Maximum and minimum values in a range also help us depict the dispersion of a data set and measure the performance of any organization. First, we will use the MAX function to determine the maximum sales value.

Select Cell D18 >> type in the following formula >> press Enter key.

`=MAX(C5:C16)`

We can also use the LARGE function to determine the maximum value. Apart from the largest value, it can also return the second, third, or other largest values. Select Cell D18 >> type in the following formula >> press Enter key to get the third largest sales value.

`=LARGE(C5:C16,3)`

Similarly, we can apply the MIN function to calculate the minimum value in a data set. Insert the following formula in Cell D18 and press the Enter key to determine the smallest advertising expense.

`=MIN(D5:D16)`

To get the second, third, or other smallest values, we can use the SMALL function. Select Cell D18 >> insert the following formula >> press the Enter key to get the second smallest value of advertising expense.

`=SMALL(D5:D16,2)`

### 10. Find Correlation Between Two Columns

Here, we will check the correlation between advertising expense and sales values by using the CORREL function. Select Cell D18 >> type in the following formula >> press the Enter key.

`=CORREL(C5:C16,D5:D16)`

As the output (correlation coefficient) is closer to 1, we can say there is a positive correlation between advertising expenses and sales.

## 2 Most Common Statistical Tools in Excel and Their Uses

Along with the Excel functions, we also have several Excel tools for statistics. In this section, we will discuss the 2 most common Excel tools for statistics.

### 1. Apply the Regression Tool

The Regression tool is one of the most common tools in Excel. To apply this tool, first, go to the Data tab and click on the Data Analysis option from the Analyze menu.

At this time, the Data Analysis dialogue box will pop up. Scroll down and select the Regression option. Then, click the OK button.

Afterward, the Regression dialog box will appear. Set the Input Y Range to C5:C16 and Input X Range to D5:D16 >> check the checkbox of Labels >> click the radio button of the Output Range option and set it to Cell B20 >> click the OK button.

The following output will appear.
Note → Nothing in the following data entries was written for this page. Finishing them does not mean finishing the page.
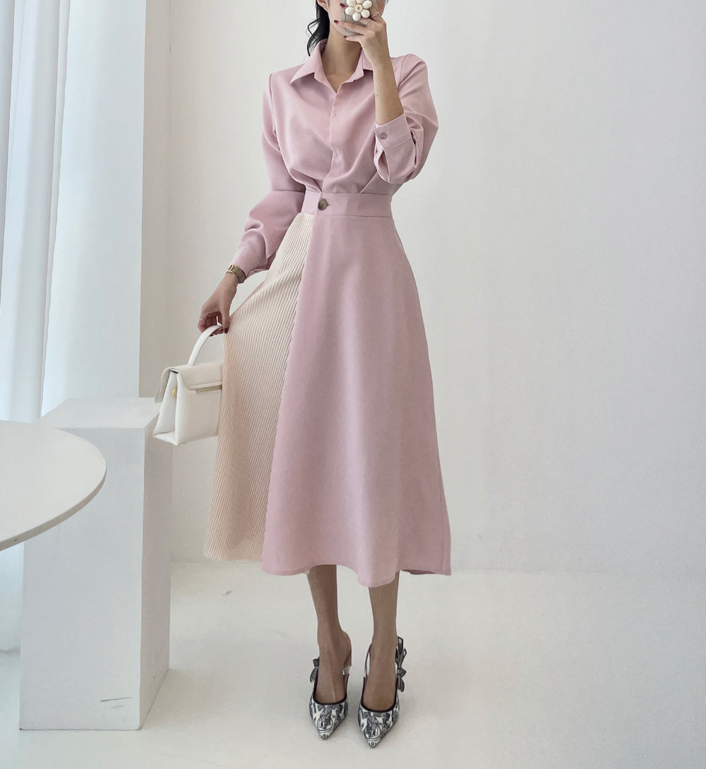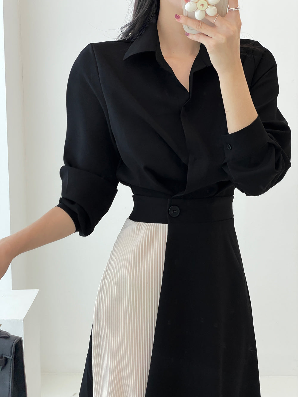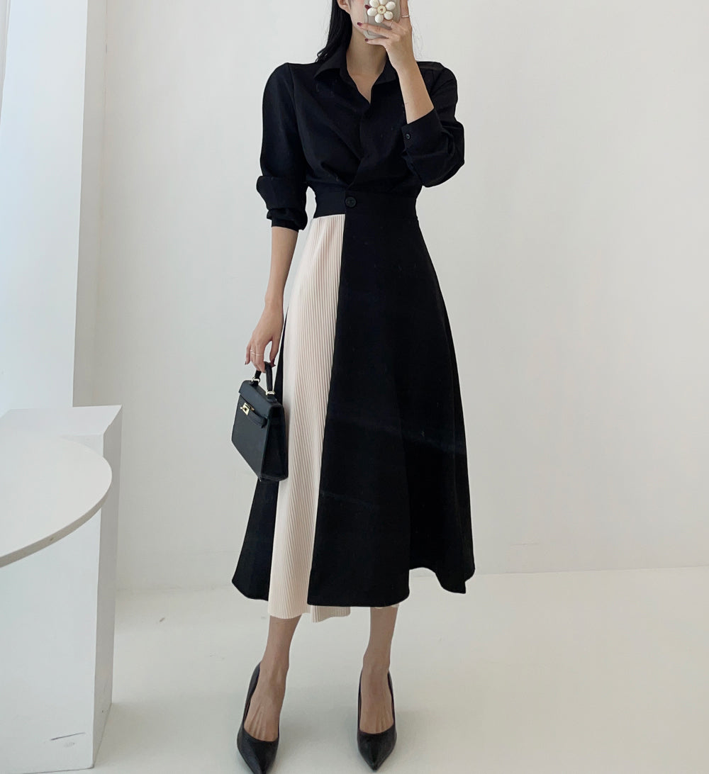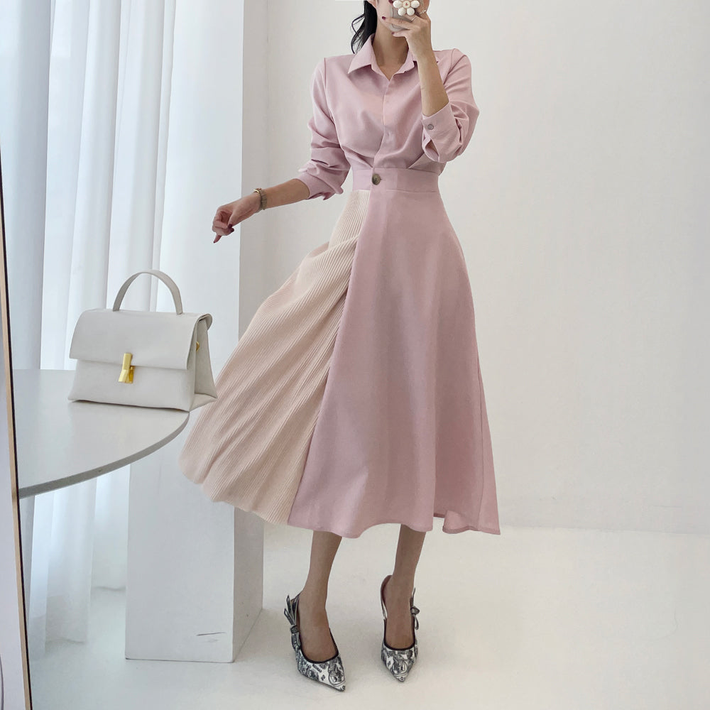 CGB7735-85B 秋季拼色收腰顯瘦襯衫連衣裙(3色)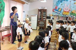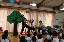 6月27日(火)は6月の誕生日会でした。3歳児クラスは6月生まれはいませんでした。4歳児(しか)クラスに1名、5歳児(きりん)クラスは2名、合わせて3名のお友達がお誕生月を迎えました。給食もミニケーキ付です。歌を歌ったり、劇を楽しんで、時間を過ごしました。「アナと雪の女王」のエルサにあこがれている園児や野球選手、ケーキ屋さん、それぞれの夢を語ってくれました。劇は「3びきのやぎのがらがらどん」をやりました。年長さんがやぎ役を、田部井先生のトロル役の迫真の演技には泣き出す3歳児も。泣いたり、笑ったり、楽しい時間を過ごしました。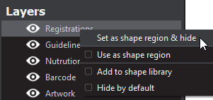 Set as shape region & hide: The layer or separation is detected as a shape and hidden when the image is loaded into the Master/ Sample panel (with the shape outlined).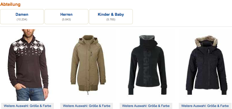 Der derzeitige Sale im Bereich der Bekleidung verspricht Ihnen Ersparnis von bis zu 60 Prozent. Für Damen, Herren, Kinder und Babys finden Sie im Online Shop von Amazon mehrere Tausend verschiedene Artikel der Markenhersteller Bench, Esprit, Desigual oder auch Jack & Jones. Entscheiden Sie sich dabei für Blusen, Hemden, Jacken, Mäntel, Kleider, Hosen, Röcke, Shirts oder auch Pullover und statten Sie sich komfortabel von Kopf bis Fuß aus. Sie werden begeistert sein, wie viele unterschiedliche Kleidungsartikel bei Amazon zur Bestellung für Sie bereitstehen. Verwenden Sie also unbedingt die intuitive Filterfunktion und sorgen Sie dafür, dass Sie nur die Bekleidung angezeigt bekommen, die Sie auch benötigen.

It contains a summary of the Regression Analysis.

Read More: How to Find Critical Value in Excel

### 2. Use the Descriptive Statistics Tool

Descriptive Statistics is another common statistical tool that is used for determining common statistical measures such as mean, median, mode, standard deviation, skewness, count, etc. To apply this tool, first, go to the Data tab and select the Data Analysis option from the Analyze menu.

At this point, the Data Analysis dialogue box will pop up. Scroll down and select the Descriptive Statistics option. Then, click the OK button.
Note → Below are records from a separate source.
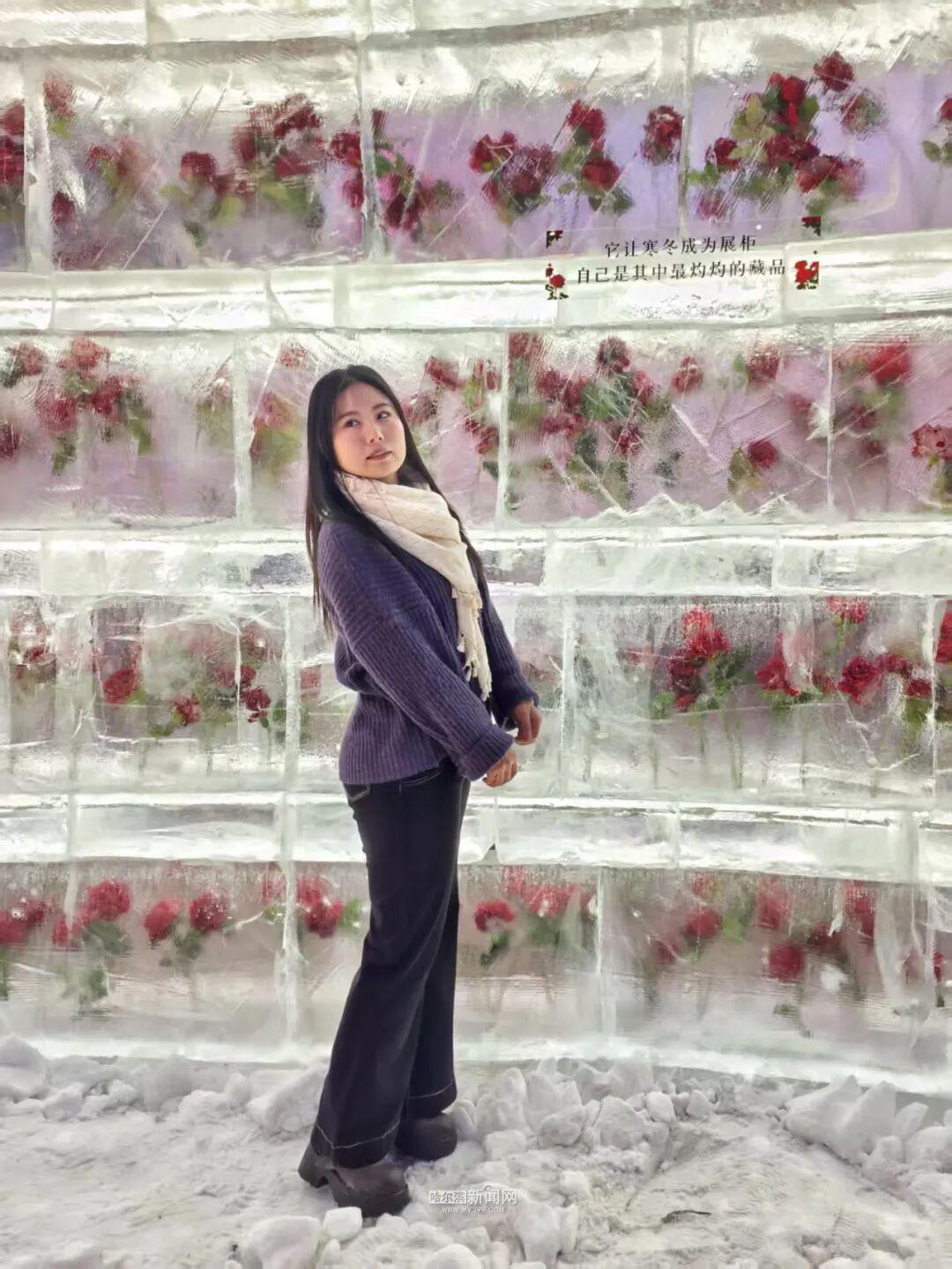 冰制玫瑰墙的落成,不仅为哈西商圈增添了吸睛亮点,更给哈尔滨注入了满满的温情与活力。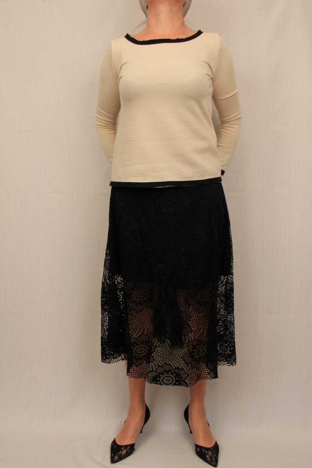 Это стильный х/б джемпер с чёрной отделкой на спине.Комплектуется как с модными джинсами ,так и с вельветовыми брюками.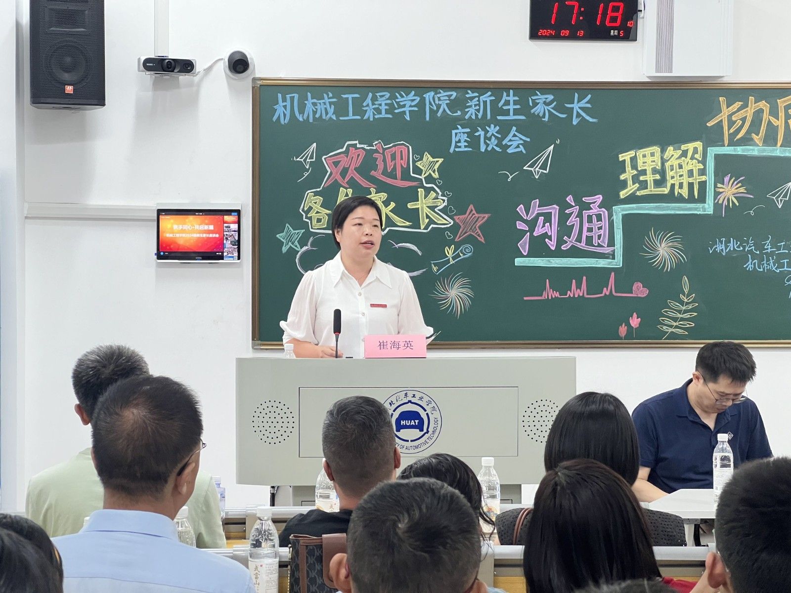 崔海英在致辞中对各位同学顺利通过高考、步入大学表示祝贺,对大家选择汽院、选择机械工程学院表示欢迎,同时提出三点希望:一是同学们要尽快适应个人发展成长的重要转折期,树立终身学习、自主学习的观念,学得真本事、练得硬本领;二是家长们要密切关注孩子价值观念的重要培养期,引导孩子们培育良好的价值观,积极与校方沟通,共同保障孩子们的成长道路不脱轨、不偏航;三是大家要牢牢把握学校跨越发展的重要机遇期,家校生三方协同,将机遇转化成为促动学生成长进步的动力。

After that, the Descriptive Statistics dialog box will appear. Set the Input Range to D5:D16 (advertising expenses) >> set the Grouped by option to Column >> click the radio button of the Output Range option and set it to F2 >> check the checkbox of the Summary statistics option >> click the OK button.
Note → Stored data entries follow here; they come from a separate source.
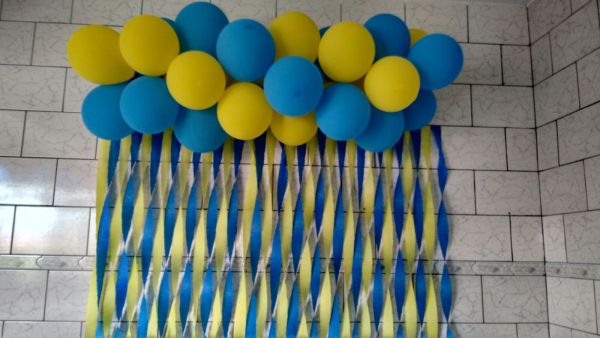 Aposte também em outros elementos decorativos de festas para a sua cortina, como bexigas coloridas, flores feitas de papel, pompons de papel e lanternas de papel, por exemplo.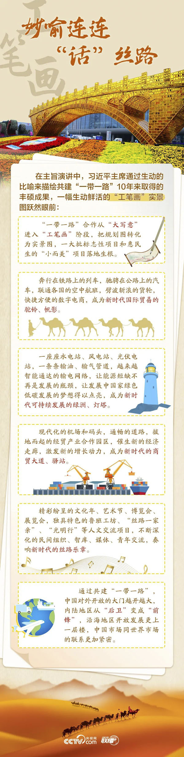 站在共建“一带一路”倡议走过十年这个标志性节点,这幅“工笔画”呈现怎样的实景图?高质量共建“一带一路”如何再出发?央视网《联播+》栏目从五个维度为您速读习主席讲话,与您一同学习。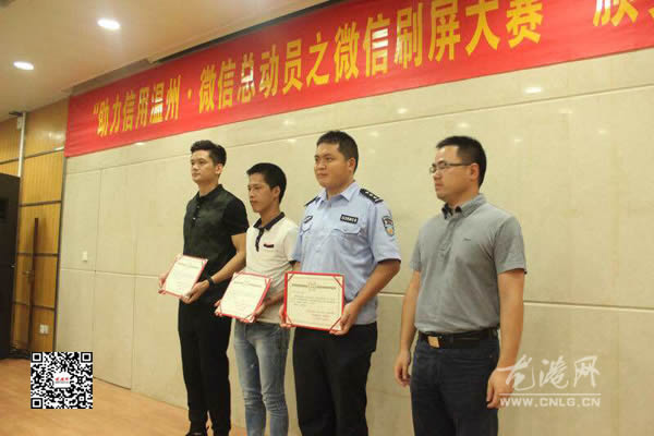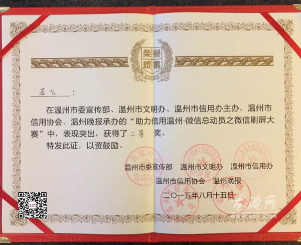 龙港网8月14日讯:今天下午,由市委宣传部、市文明办、市信用办主办的“助力信用温州”微信总动员之刷屏大赛,在温州新城温州晚报大厦3楼会议室举行颁奖仪式,“若飞走监督”平台等荣获市二等奖。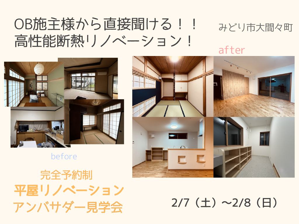 タイトル 予約制アンバサダー見学会|OB施主様から直接聞ける!!|高性能断熱リノベーション!

All descriptive statistics measures for the advertising expenses will appear.

Read More: Descriptive Statistics in Excel

## Things to Remember

• Many Excel functions were introduced in Excel 2010, Excel 2016, and Excel 365 versions. Therefore, some functions may not be available in older versions.
• If the Data Analysis ToolPak is not available in Analyze menu of the Data tab, then load it from the following directory.
`File >> Options >> Add-ins >> Excel Add-ins >> Go >> Analysis ToolPak`

• What is the advantage of using Excel for statistical analysis?

Answer: Excel has various built-in functions and tools for statistics. These are suitable for quick analyses, data exploration, and basic statistical calculations without requiring specialized statistical knowledge.

• How to calculate Margin Percentage in Excel?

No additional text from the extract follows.